Friday, December 12, 2014

Home Stretch

Demo

Since my employer has an interest in Sensu and I have been doing my work within their network I had the opportunity to explain what I have worked on so far, how the environment is configured, and had a discussion on next steps and future planning. This project is one that will definitely continue after my course has completed next week, and has been a valuable learning experience. Here is a summary of what was covered in the demo:

What is Sensu: Sensu is a system monitoring solution designed for the cloud. Sensu is easily scaled and provides a simple web ui to visually 'connect the dots' with what is going on within the monitoring environments. One big advantage is, since it was designed for the cloud, clients automatically can check themselves in and add them to you monitoring.
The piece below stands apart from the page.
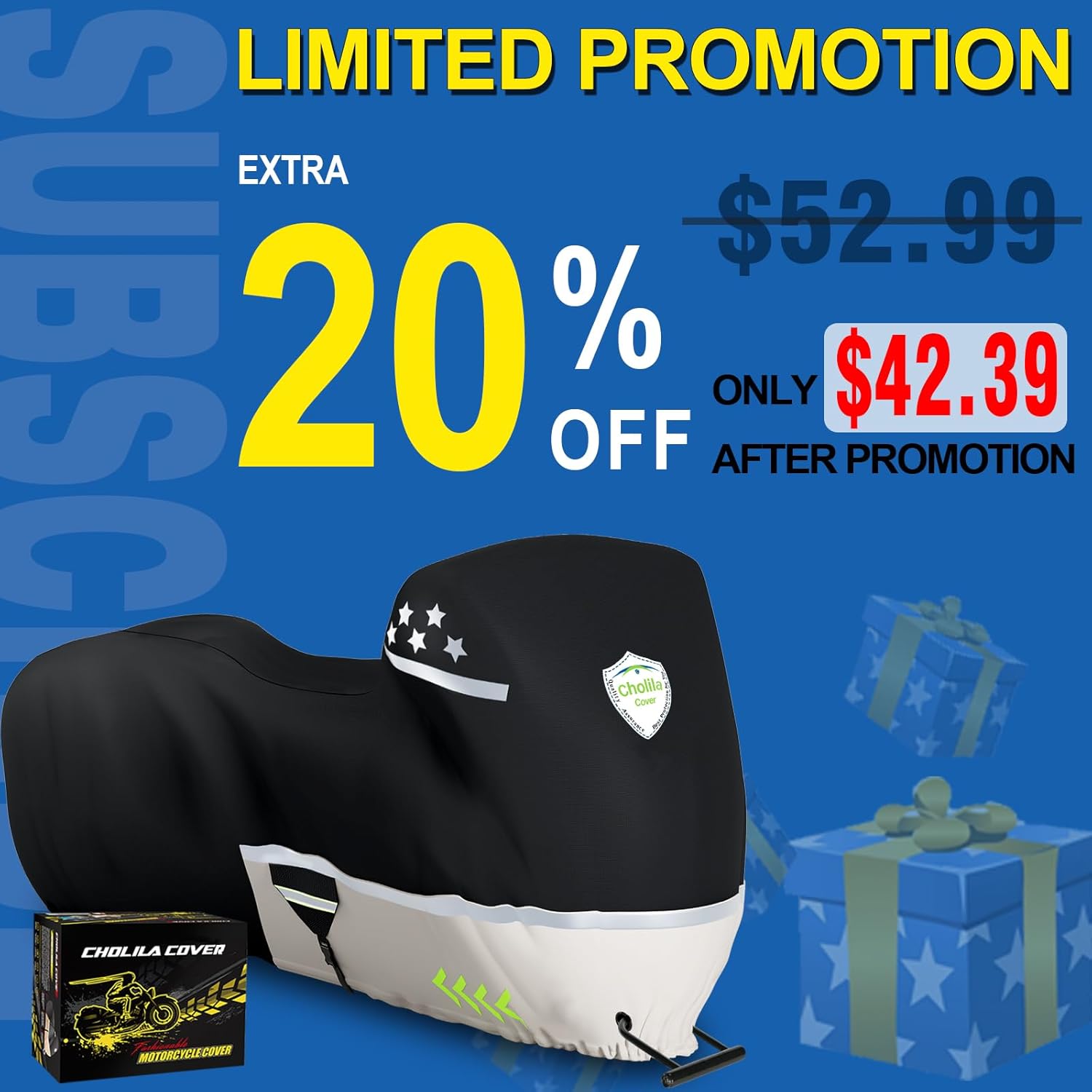 - Coverage : Motorcycle (Full Exterior Coverage, Size: 108" L x 43" W x 55" H)

The Sensu project has come a long way and compared to other monitoring solutions like Nagios, does things better, but may be lacking in a few aspects. (This may just be to lack of knowledge on my part, or I may need to explore additional docs for what Sensu is capable of).

How is Sensu set up: The Sensu environment I have set up is an 8 machine environment that includes: 3 Sensu servers (which also run Sensu API and Uchiwa dashboard), 2 RabittMQ servers, and 3 Redis.
Currently Sensu is setup in a centralized fashion with directly connected clients. What this means is that the clients run checks locally (standalone checks) and publish results up to RMQ and are then picked up by Sensu which handles notification routing. The check data is also stored in Redis and the dashboard (Uchiwa) is updated through the Sensu API. Setting up Sensu in this fashion prevents arbitrary and potentially malicious checks to be run due to a system breach., and it also decreases infrastructure complexity.

High Availabiliy: High availability is achieved by:
  • Sensu: master election is internal within Sensu with no additional configuration needed by the user. This is achieved by Sensu-servers being aware of each other through checking connections to RabbitMQ and Redis. Master election and failover is relatively seamless in the eyes of the user.
  • RabbitMQ: RabbitMQ provides for cluster failover built in and Sensu does support this feature; but unfortunately the Sensu Puppet module does not support this feature and a fairly significant rework is needed in order to get this to function properly. In order to work around this pitfall load balancing the 2 RabbitMQ instances will provide HA.
  • Redis: In order to achieve a clustering like end goal, we are using Sentinel to provide master election and failover. Sentinel is built in to newer version of Redis and operates on a quorum election to choose a master in the event of a master failure. 
  • NOTE: these three components will all be load balanced eventually to provide for additional protection during machine or service failure.
The Dashboard- Uchiwa: Basically I went over all the tabs that resides within Uchiwa and different features provided by the service.  Some noteworthy features are:
  • Overall Look/Feel: The look and feel of Uchiwa is very slick, modern, and simple. It provides useful information while taking a minimalist approach. 
Going from a Nagios UI

To Uchiwa's

  • Stashes: Stashes are used to schedule downtime, and can be used to silence a check or a machine from alert notification. While a check/machine is silenced (stashed) the event data will still show, but all alert handling is turned off to reduce noise during things such as maintenance. 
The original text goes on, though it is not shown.